An identity crisis. While the largest Czech traditional publishers were making billions of Czech crowns in earnings and hundreds or at least tens of millions in profit one or two years ago, this year (2011) they will start to post losses. Where did this money disappear to so quickly? Not all of them went to Seznam, Google or Centrum.

These hundreds of millions are drowned in buildings, printers and investments into facilities that were constructed in old fashion, as if it was still 2005. Now when this money is missing, publishers cut that what is easiest to cut: people.

They lay off tens of journalists, although their identity and business power lies in original content. Instead of a well-thought plan of how to make the operation more effective (possibly including collective salary limits) and at the same time maintain strategic sources of income. I don't want this to sound arrogant, we have been struggling with the same issues for years and often it is easier said than done. I am just trying to say that if I want to make a living by baking bread for people, I cannot lay off bakers as the first expense to cut.

People in Aktualne.cz work - a lot

Some newsrooms have shrunk to one third in the last ten years. Does this mean that they were less effective before, or is this forced by economic results?

Both. Aktualne.cz is an example of the effectiveness you mention. The number of employees that work there has always been disproportionately lower than in comparable traditional daily newspapers. And it delivers its news to 1.5 million people, and the readership is still growing. Employees of Aktualne.cz would confirm to you that in our newsroom, people do work - a lot. The team is confident, shares ideas and power - from an intern to veteran editors to infographic producers, programmers or people handling the commercial content.      

Some journalists complain that recently they have no time for anything anymore. To go to speak to people, verify information in the field, conduct more interviews for a single story. They admit that they simply copy news from the Czech Press Agency or from the internet to a degree that does not guarantee authentic writing.

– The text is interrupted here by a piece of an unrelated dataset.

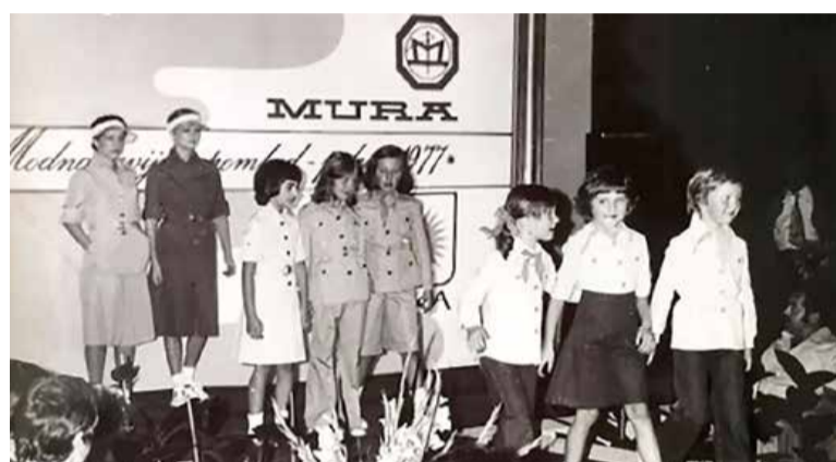
Prva dama ZDA je naredila prve korake v modno industrijo prav v Murinih oblačilih.

Ob stečaju Mure je bil star deset let. Spomni se novic o stečaju in nezadovoljnih delavcih, zgodbo o propadu pa so si zapomnili tudi njegovi vrstniki. Z objavami na družabnih omrežjih želi spremeniti to dojemanje tovarne Mura, saj je pomenila veliko več – kakovost, tradicijo in izjemno oblikovanje. Čeprav Murinih oblačil ni nosil, ceni njihovo brezčasnost in dovršenost. Pogosto obleče lep trenčkot iz 80. let. Zdaj zaključuje magistrski študij podjetništva na Ekonomski fakulteti v Ljubljani in dela na

Is this kind of journalism tradable in the long term?

It isn't. Anybody who describes their work in the way you say cannot call themselves a journalist. These are rather a sort of "content dispatchers" and they are the clearest candidates for having their jobs replaced by computers. New, unique information cannot be looked up in Google and compiled by using Ctrl+C. It needs somebody to discover it, investigate it and deliver it to other people.